## Task objective
Look below for the line with "求好运的年轻人,挤满了购物中心的财神殿" and the line with "ومن بني قطن". Copy exactly those two lines and every line between, but not the pictures.

## Dataset records
=== Section Start ===
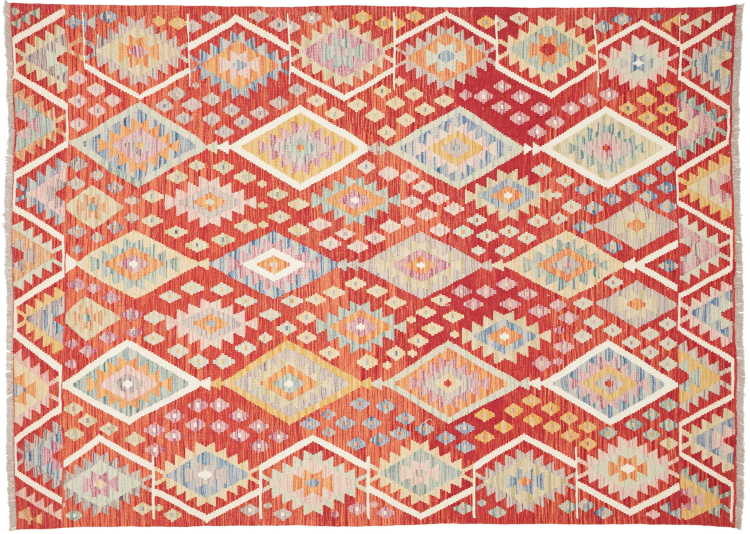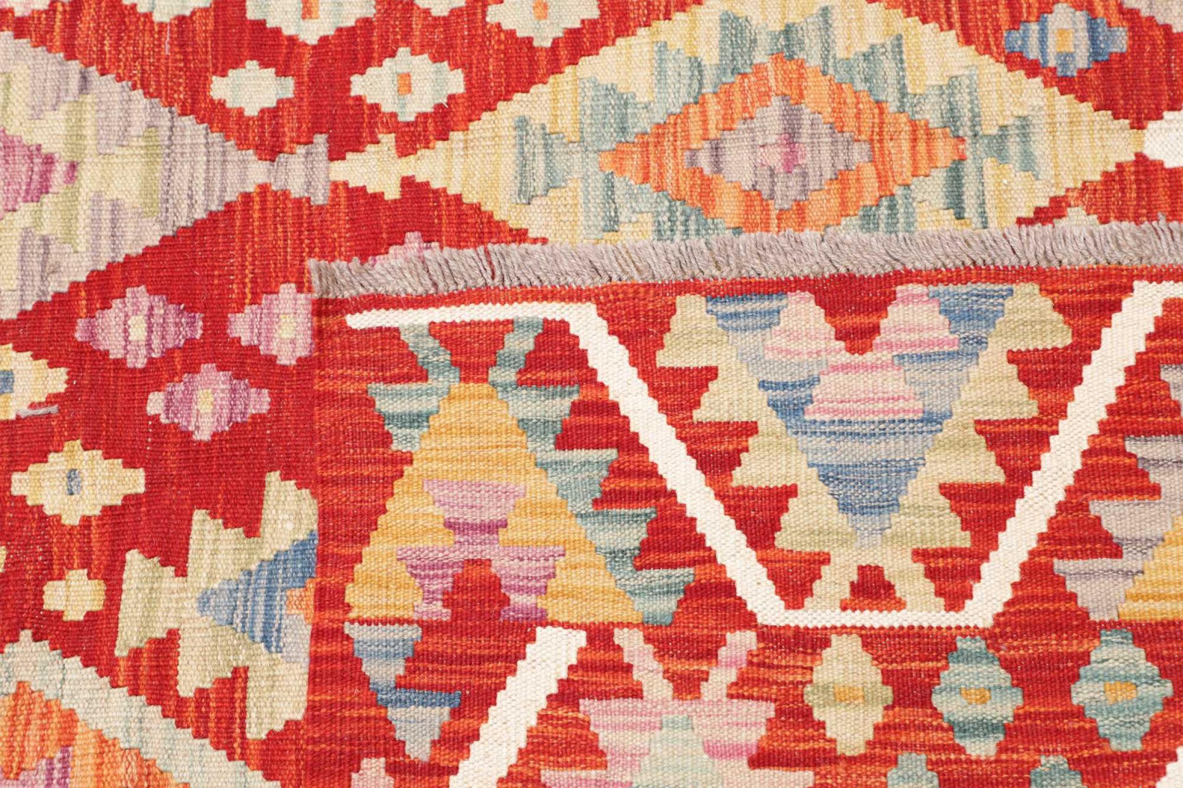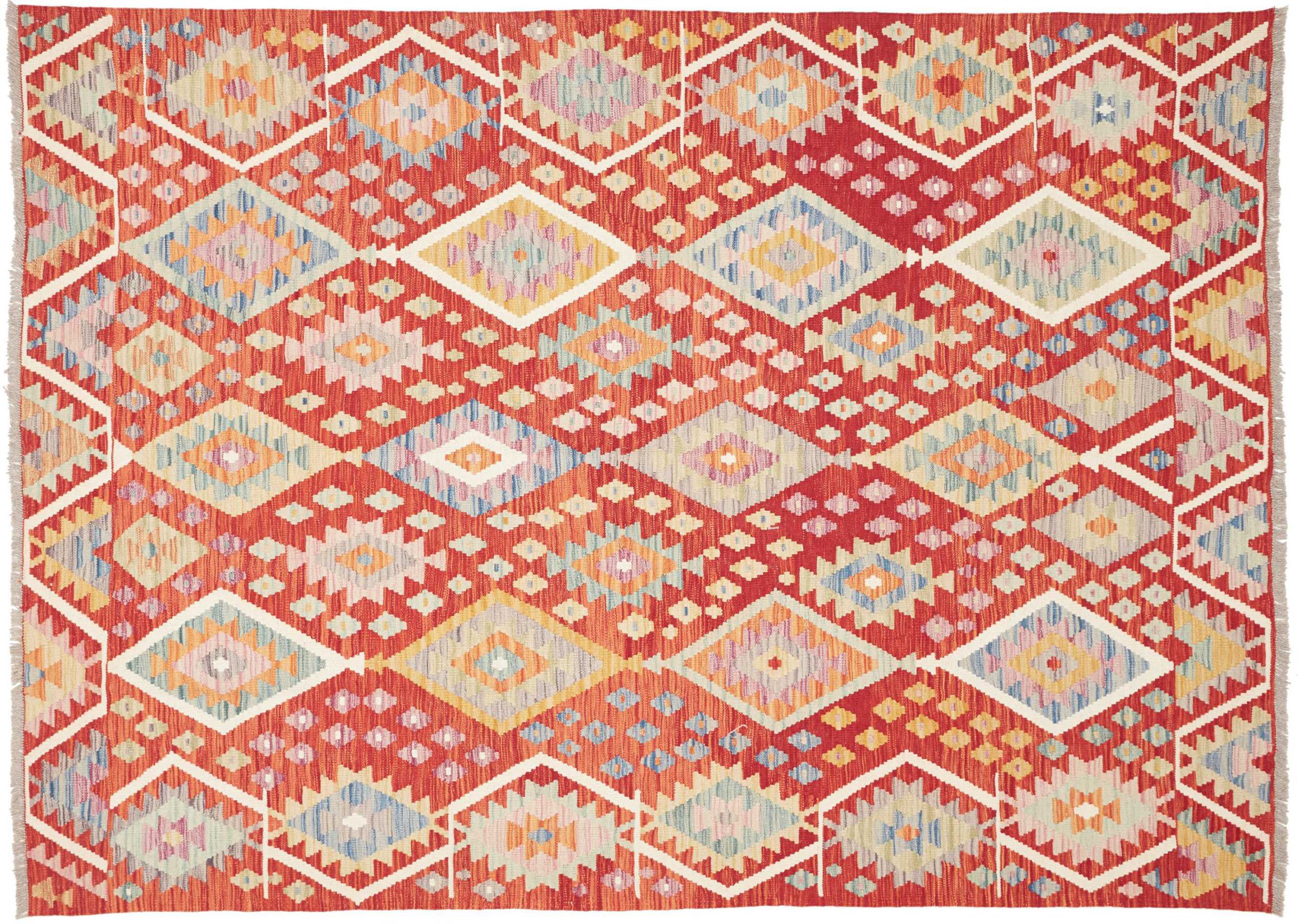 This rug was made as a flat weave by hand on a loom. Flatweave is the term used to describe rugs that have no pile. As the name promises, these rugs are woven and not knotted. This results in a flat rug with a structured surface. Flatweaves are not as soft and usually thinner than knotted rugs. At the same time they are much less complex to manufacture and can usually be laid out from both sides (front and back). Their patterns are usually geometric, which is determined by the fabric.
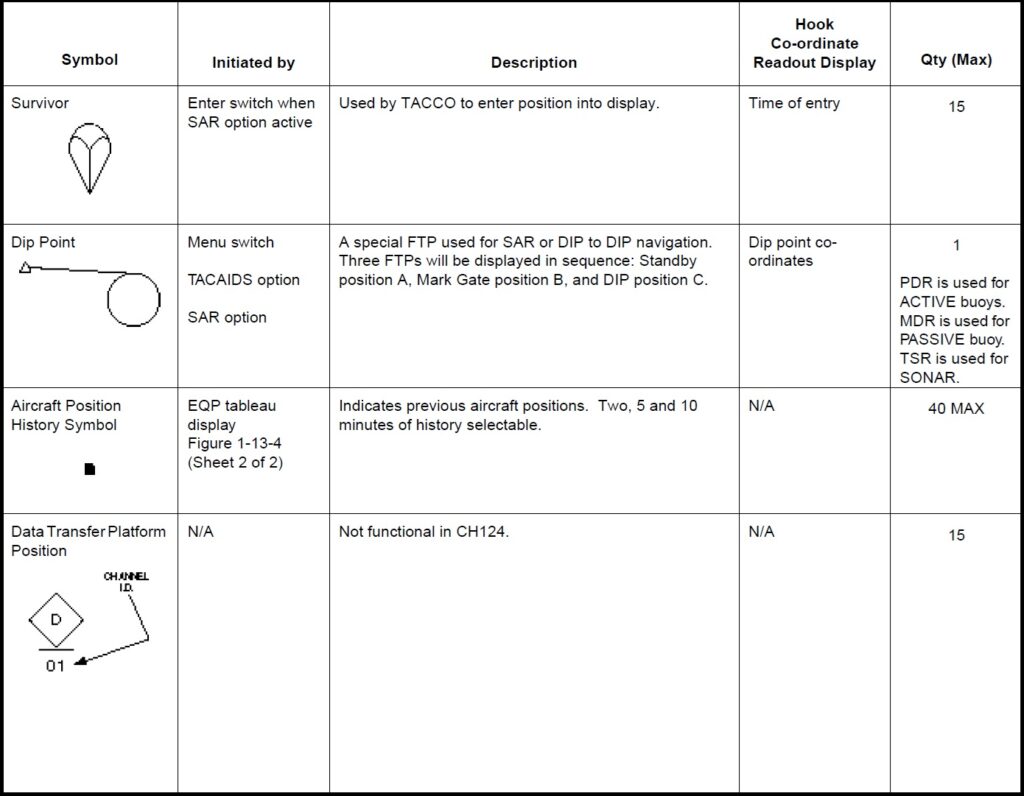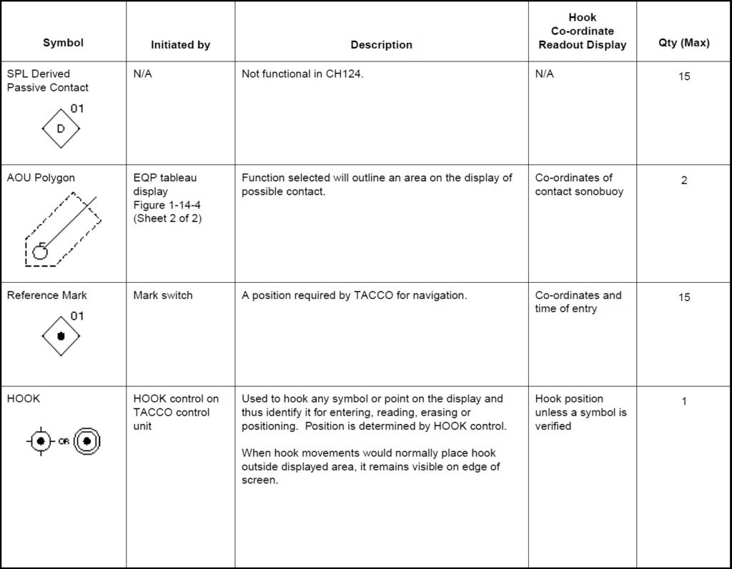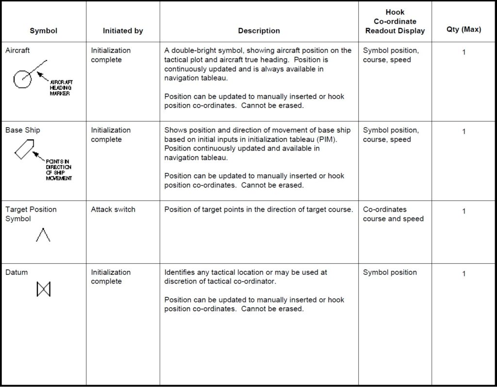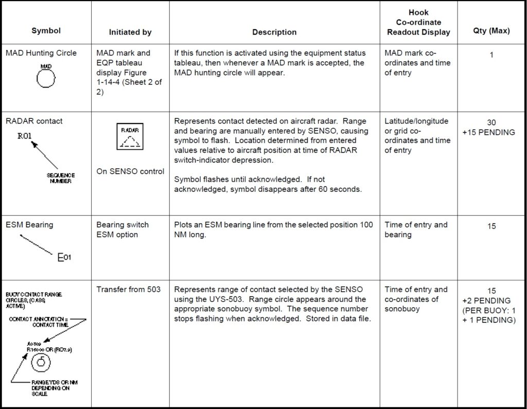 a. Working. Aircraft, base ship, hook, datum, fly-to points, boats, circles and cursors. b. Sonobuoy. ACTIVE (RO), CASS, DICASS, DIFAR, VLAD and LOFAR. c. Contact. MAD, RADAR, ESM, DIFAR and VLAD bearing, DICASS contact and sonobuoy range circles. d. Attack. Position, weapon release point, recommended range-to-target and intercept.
=== Section End ===
=== Section Start ===
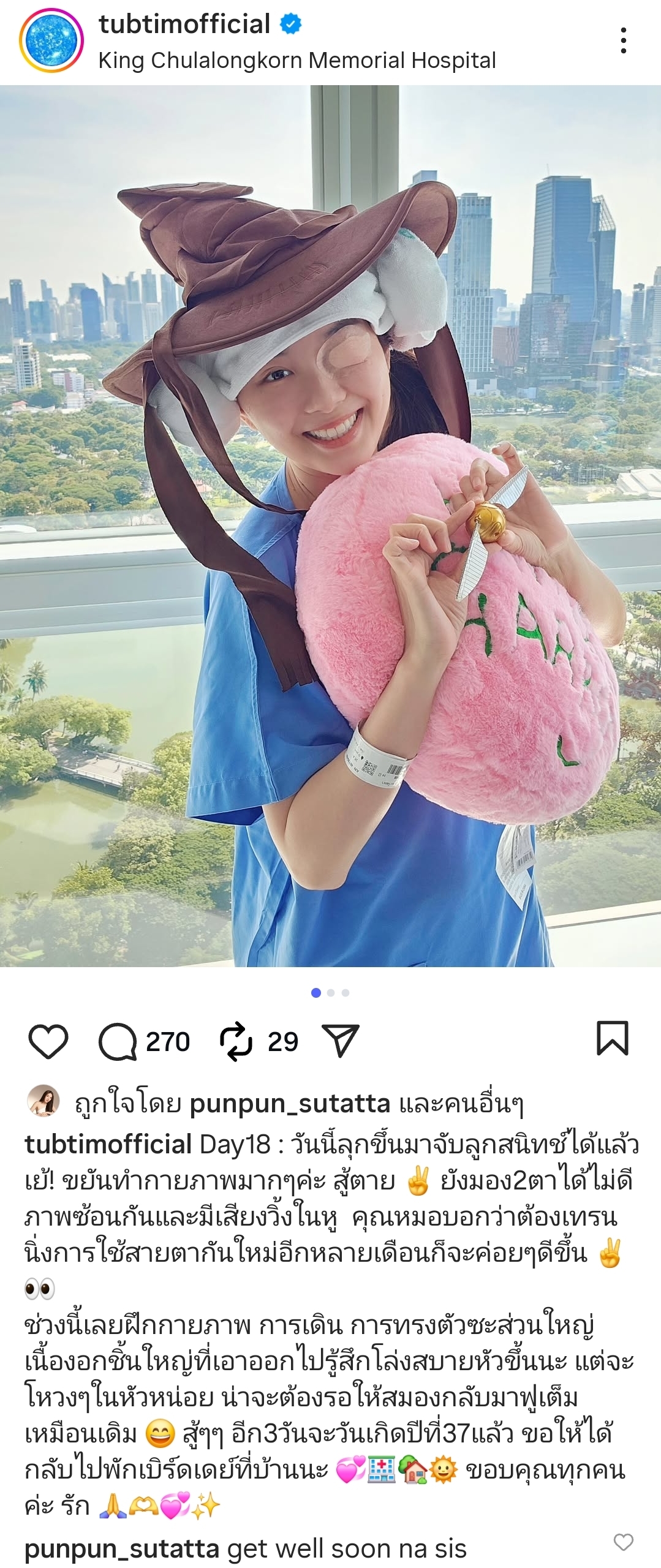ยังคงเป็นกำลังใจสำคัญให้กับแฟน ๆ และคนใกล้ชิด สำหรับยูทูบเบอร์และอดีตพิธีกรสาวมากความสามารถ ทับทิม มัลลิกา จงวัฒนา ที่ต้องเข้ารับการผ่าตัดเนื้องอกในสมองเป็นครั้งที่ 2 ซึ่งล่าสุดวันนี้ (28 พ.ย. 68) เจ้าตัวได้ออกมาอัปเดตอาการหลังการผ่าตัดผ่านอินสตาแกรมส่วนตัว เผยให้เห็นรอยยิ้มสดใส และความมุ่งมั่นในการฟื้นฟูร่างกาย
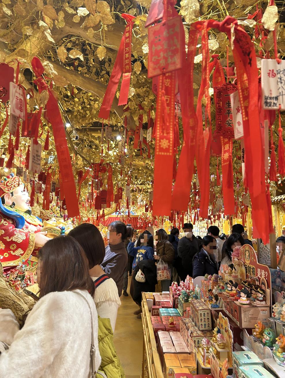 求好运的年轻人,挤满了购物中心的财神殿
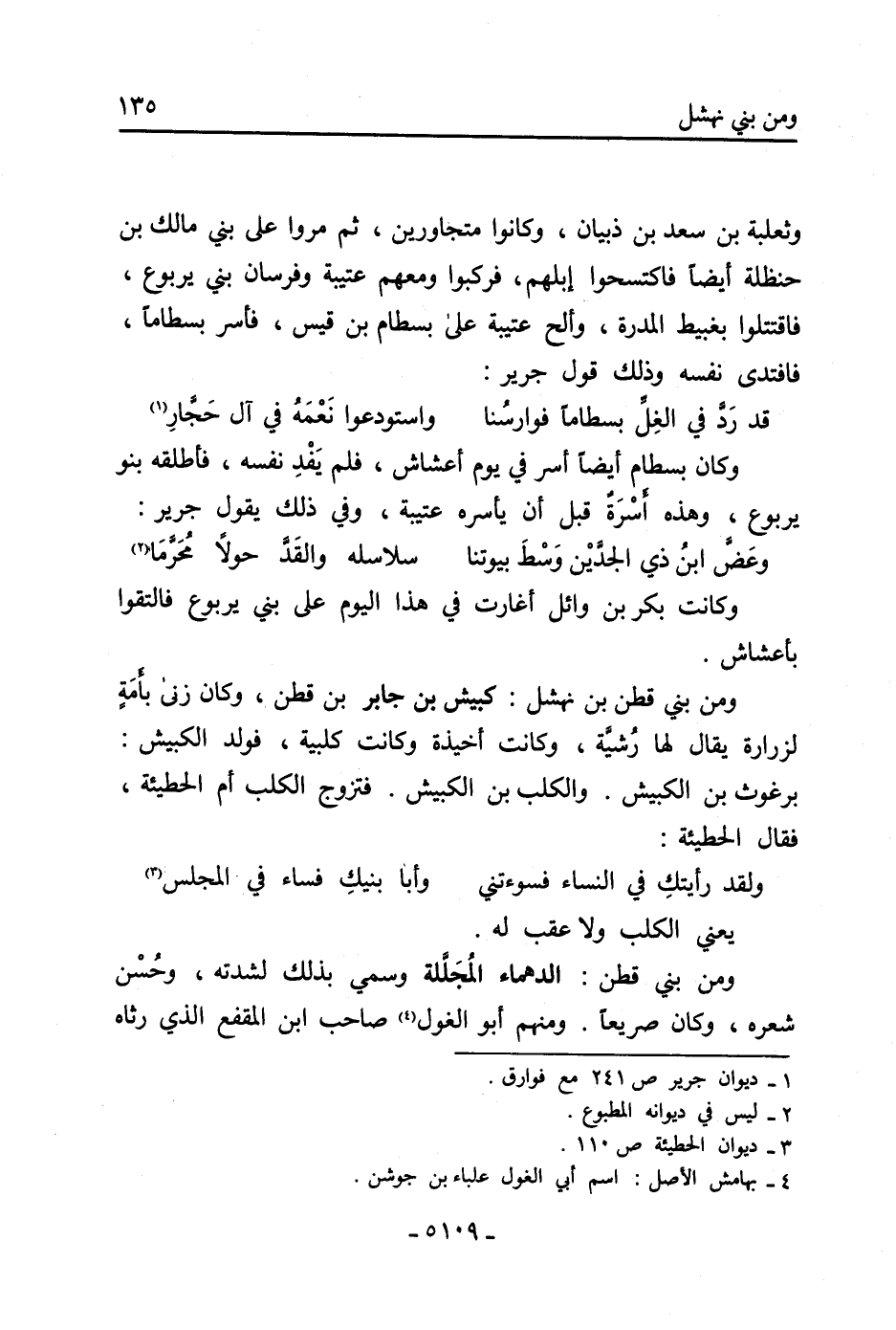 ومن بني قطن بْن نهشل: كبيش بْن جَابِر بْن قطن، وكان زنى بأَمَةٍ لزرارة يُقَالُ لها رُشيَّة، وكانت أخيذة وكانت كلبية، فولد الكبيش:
=== Section End ===
=== Section Start ===
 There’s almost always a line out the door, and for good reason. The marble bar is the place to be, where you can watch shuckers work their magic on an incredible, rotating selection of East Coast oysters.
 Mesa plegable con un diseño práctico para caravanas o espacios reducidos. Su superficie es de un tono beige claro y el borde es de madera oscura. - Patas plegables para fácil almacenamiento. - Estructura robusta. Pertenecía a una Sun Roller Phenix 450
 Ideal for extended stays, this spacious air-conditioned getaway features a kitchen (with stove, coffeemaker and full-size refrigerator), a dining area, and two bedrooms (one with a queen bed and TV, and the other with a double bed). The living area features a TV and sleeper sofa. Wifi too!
=== Section End ===
## Task answer
 求好运的年轻人,挤满了购物中心的财神殿
 ومن بني قطن بْن نهشل: كبيش بْن جَابِر بْن قطن، وكان زنى بأَمَةٍ لزرارة يُقَالُ لها رُشيَّة، وكانت أخيذة وكانت كلبية، فولد الكبيش:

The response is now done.